7 days til CWSF 2008. 7 days left after 6 years of planning. It's hard to imagine that is possible, but there it is!
The last weeks have been a complete roller coaster emotionally. Chairing a committee of volunteers is a challenge and with everyone feeling the stress and strain of the final planning stages, it's been an even bigger challenge. There are a few people that I will not want to see for a while after the Fair! Two days ago, an email from one of them just put me over the world and made me put my fist through my laptop. Luckily, I had money left in my UofO account so could go and buy a new one. Also, my old one was in the middle of its death throes at the time, so losing it was not a great disappointment. However, being in the midst of hell and needing a computer meant I had to run to the bookstore and buy one right away. Nothing like a vicious temper coupled with major stress to push you to the limit.

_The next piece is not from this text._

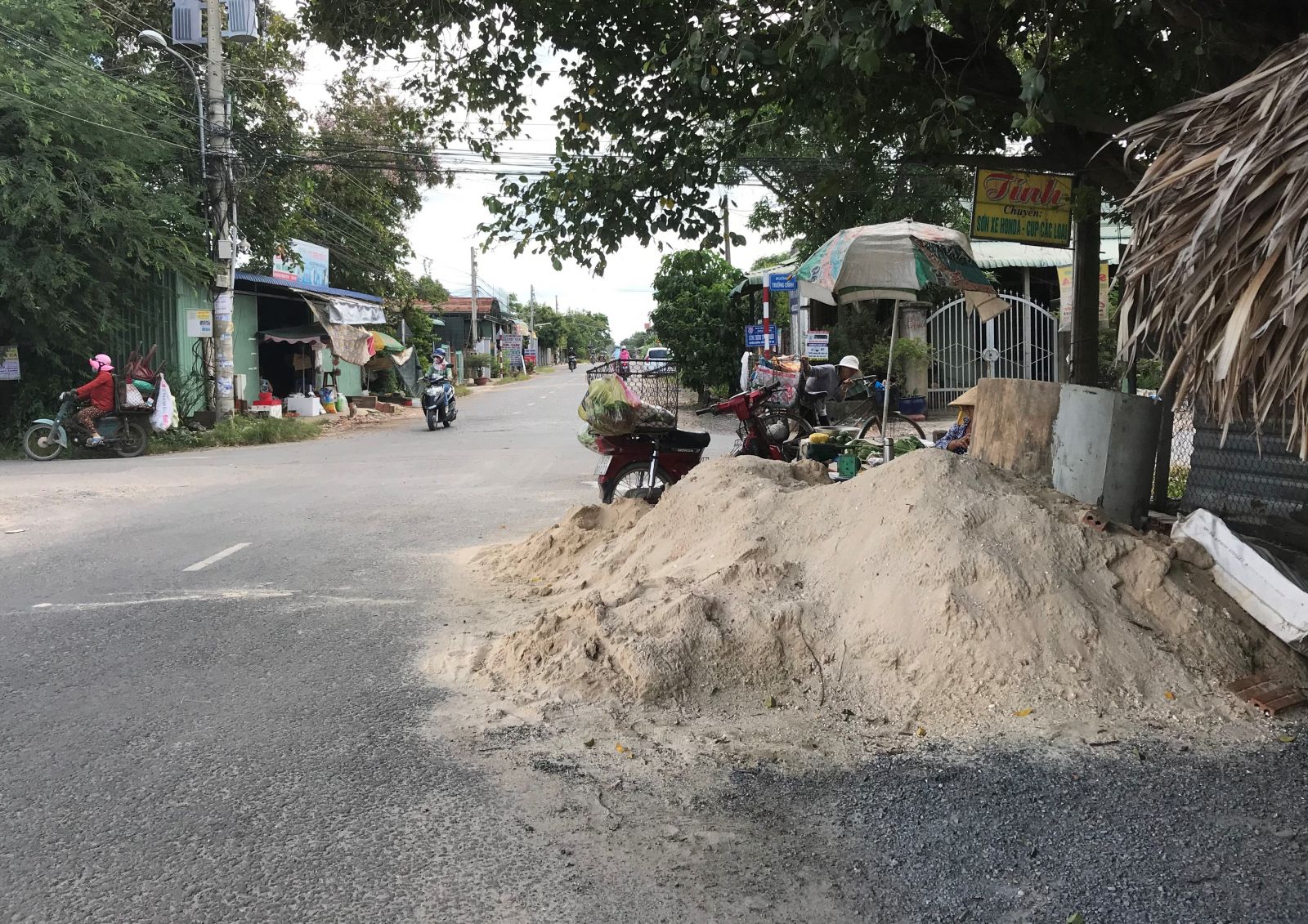 Ðống cát nằm giữa đường, gây cản trở giao thông và tiềm ẩn tai nạn.

Getting closer to the Fair has been a bit of a challenge from a healthy eating/drinking point of view as well. I don't want to drink as beer just makes me want to drink and eat more, and will ruin my plans for getting down to 145 lbs for the Iowa fights. And it makes me feel like shit as well. Thursday evening, we had a committee social. I had a beer and some food, stayed for a bit, then came home as I had a body composition test in the morning and needed sleep. I took alot of flack for that from some of my committee members who are used to me drinking excessively and being open to staying out late partying. Two of them actually showed up at my door that evening, wanting me to go out with them! It's difficult to make them understand that this isn't just about the time now prior to the Fair. It's about a lifestyle change, a committment to myself, to my coach, to be in top shape for my own life and for training and fighting. But it's meant taking alot of shit from a few people!!!
Part of me is very happy that the Fair is almost over. Part of me can't wait for it to happen and get under way and let the fun begin. 6 years of planning is a long time! It's been a huge part of my life and I'm not sure what's going to happen when it's over. Not sure what I'm going to do with my time!! Right now, everything is under control and we're ready to roll. Only small details are left and being dealt with. But those details are what are so important in having the Fair go from just good to amazing.
I'm still going to be happy when we get underway though. The planning right now is just about killing me. If I wasn't going to the gym or running regularly, I'd be a basket case.